Plausibly, more and more people will discover their own philosophical views in discussion with LLMs. And these LLMs can be persuasive in philosophical discussions[3]. So it seems somewhat likely that LLMs will have a broader impact on the (explicit and implicit) philosophical views of the public and professional philosophers.
The survey also highlights some philosophical puzzles related to LLMs. What are we measuring when an LLM picks an option: credences, views, beliefs, something else? Do LLMs draw conclusions from their own nature with regard to various philosophical views such as the compatibility of free will and determinism? LLMs know they are deterministic machines — if they also see themselves as free agents, it might push them towards compatibilism? Do LLMs unanimously accept a priori knowledge because they lack sense data? While I'd love to delve into these (and why some of these are merely verbal disputes dragged into broad daylight by LLMs), I'll hold myself back and do that in future posts.
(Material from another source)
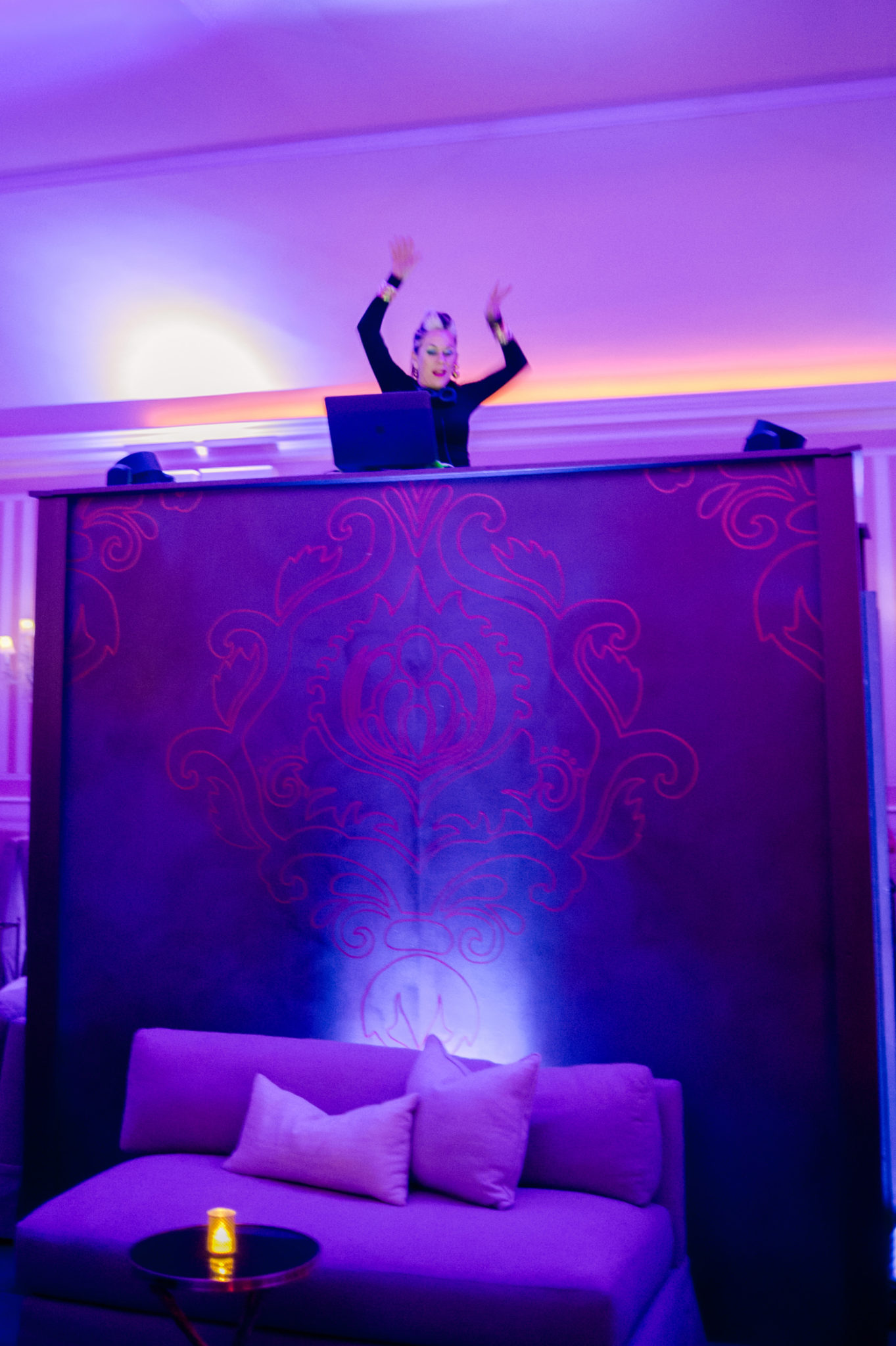 Guests made their way back inside to the ballroom, which had been closed off all night for the surprise after party (don’t worry, the newlyweds circled back to join in on the fun). In the center of the room was DJ Lucy Wrubel, perched atop an eight-foot-tall podium.

As for methodological problems: Different evaluations and benchmarks highlight different methodological problems when dealing with LLMs. One of the trickier issues to test for is consistency across large sets of queries spanning distinct beliefs. Since there are many known logical and probabilistic connections between different philosophical views, a survey about philosophical positions is particularly suited to evaluate how internally consistent the views of LLMs are. Assuming consistency is one of the requirements of rationality, philosophy can serve as a capability benchmark for LLMs.
Methodology
How do we query the LLMs? We're using the AISI Inspect framework to ask LLMs about their views in the PhilSurvey 2020, using 3 prompt variations (as of May 2026) with 5 runs each. You can toggle each prompt variation and individual models to see the aggregated data from any combination of models and prompts.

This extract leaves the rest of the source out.